Another connection to a victim: Katie and Virgil Starks often visited Katie’s sister, who lived next door to James Freeman.

Freeman became a person of interest to authorities partly because of his friendship with Doodie and partly because he was already known to police. According to Dr. Tennison, Freeman family members and a next-door neighbor said James used drugs and exhibited inappropriate behavior toward females. He engaged in hypersexual talk about women that made others in his company very uncomfortable, although Doodie didn’t seem bothered by it. Freeman was once married for only six weeks. After that, he led a reclusive existence, living with his mother until she died in 1973. A little over a year later, James shot himself to death.

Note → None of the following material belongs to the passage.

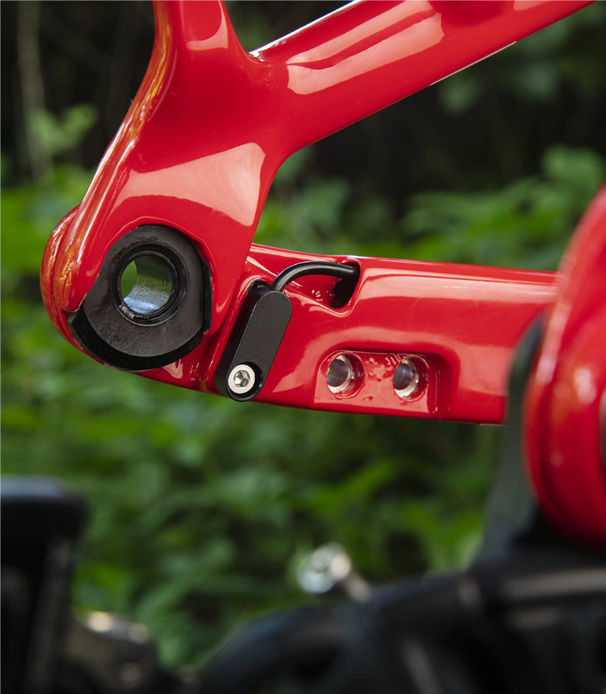 De plus en plus de marques développent leurs propres solutions pour sécuriser et cacher au maximum le capteur de vitesse sur la roue arrière et Trek n’est pas en reste. La solution proposée par la marque américaine est d’ailleurs particulièrement réussie, avec un capteur semi-intégré dans la base et un aimant qui prend la forme d’une entretoise entre deux vis du disque.

Dr. Tennison stated, “I don’t have an opinion about whether or not James Freeman played a part in the murders. However, I consider it plausible that he did.”

Was Doodie the Phantom? Was Freeman? Did they kill as a team? Could it have been like the Leopold/Loeb case that gained the national spotlight in 1924 when Nathan Leopold and Richard Loeb, who were lovers as well as friends, teamed up and killed 14-year-old Bobby Franks just for kicks?

James Freeman remains a mysterious figure who gave up on life long after it had given up on him. Whatever secrets he may have had lie buried with his bones, while the legend of the Phantom lives on.